The peace botnet

Modern search engines are able to organize huge amounts of information, allowing you to quickly find materials on any topic. But when it comes to finding products at online shops or vacancies in the databases of recruitment agencies, or suggestions of cars on the sites of car dealerships, in General the search any cataloged information in Internet about self-reliance search engines can not speak, because to meet such requests, in most cases, they require sites of discharge (Datа Feed) of their catalogs in a special format.

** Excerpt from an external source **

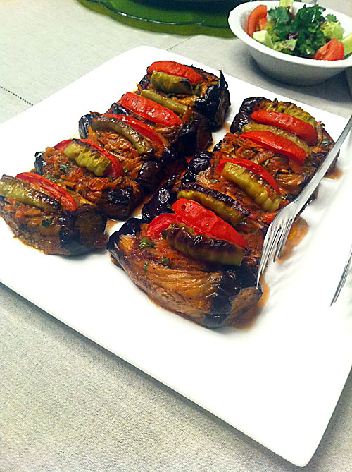 Fotoğraftaki imambayildi tabağı aslında benim menümden değil, bugün kendisine iftara gittiğimiz ve bizi harika bir sofra + ev sahipliği ile ağırlayan kuzenime ait. Doğrusu bir önceki yazıda gayet kendimden emin "2 çeşit yiyorum" dedikten sonra böyle bir sofrayla karşılaşınca kendimle epey mücadele ettim. Neyseki mücadeleden galip çıkabildim. Hem benim bu haftayı büyük bir hengame içerisinde atlatmış olmamdan, hem de minik minik patlıcanların harika sunumundan ötürü de bu yazının fotoğrafının onlar olmasına karar verdim.
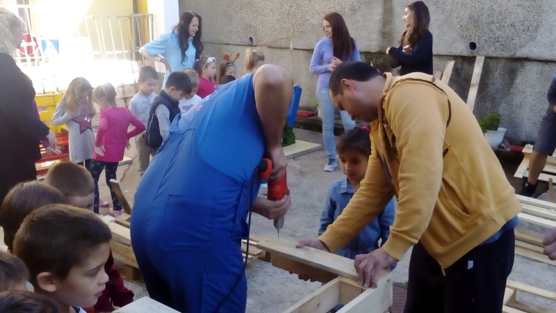 Млади софтуерни специалисти организираха доброволческа инициатива в габровската ДГ „Дъга“. Заедно с децата изработиха от палети дивани и масички за приложна дейност, боядисаха с цветовете на дъгата входа и оградата на детската градина.

Automatic extraction of facts from the directories that do not have semantic markup is a difficult task, but still it is a lot easier task of extracting facts from unstructured arbitrary text.

Technology


We have developed the technology to create a full folder-based search engines that do not require submission of data in any formalized way, but with a few unusual search robot is able to extract information from arbitrarily-structured web directories, compiled in any language. The singularity of the robot is that it is a JavaScript program that analyzes web pages, loading them in a frame (iframe) through a web proxy. In this controversial at first glance, the decision has plenty of benefits.

JavaScript-the robot "sees" sites as well as see them regular users. This allows him to treat even those sites where the content is partially or completely formed from JavaScript and, therefore, inaccessible to a robot. In addition, the ability to emulate a variety of events (pressing buttons, for example) allows JavaScript robot you not only to view dynamic sites, but to navigate through them.

Analyzing web pages, traditional search engines focus on content, not paying particular attention to the decoration (design). The robot is folder-oriented search engines have to be even more selective, extracting from it content some facts. Analysis of the catalogs with the images, or more specifically with how they are seen by a user who enables JavaScript the robot to better perform their work.

For "army" crawlers require considerable computing resources. Unlike traditional crawlers that requires special software and hardware, JavaScript robot allows you to embed itself directly in a search engine website that gives the possibility to use the computational power of browsers end-users while they work with the site. Something turns out an average between the botnet and the peer-to-peer networks: the website provides the user information — the user helps the site computational capacities.

How does it work?


Creating technology, we were guided by the following rule: if a task with which the machine can cope for a large but reasonable amount of time, while a person can solve the same problem much faster, the task is given to the car because, firstly, human being is priceless, and secondly, our technology allows for free use of the huge computing capabilities of end users.

To connect a new catalog search system in most cases requires only to specify the URL of the first page of the catalog. If this does not exist, then you need to specify the "next" URL. The system will load it through a web-proxy to the frame and will closely monitor the actions of user that you want to showcase as the shortest way to navigate to the top directory. Demonstration may also be required if the site uses an unusual navigation system. That is, the connection system complex as much as difficult for a regular user to get to the first page of the directory.
Each new site to be studied, during which the robot identifies its structural features. It helps in future to better identify the necessary data and also gives the opportunity to follow the changes of the design of the site and adequately respond to them. This step is fully automatic and requires no human intervention.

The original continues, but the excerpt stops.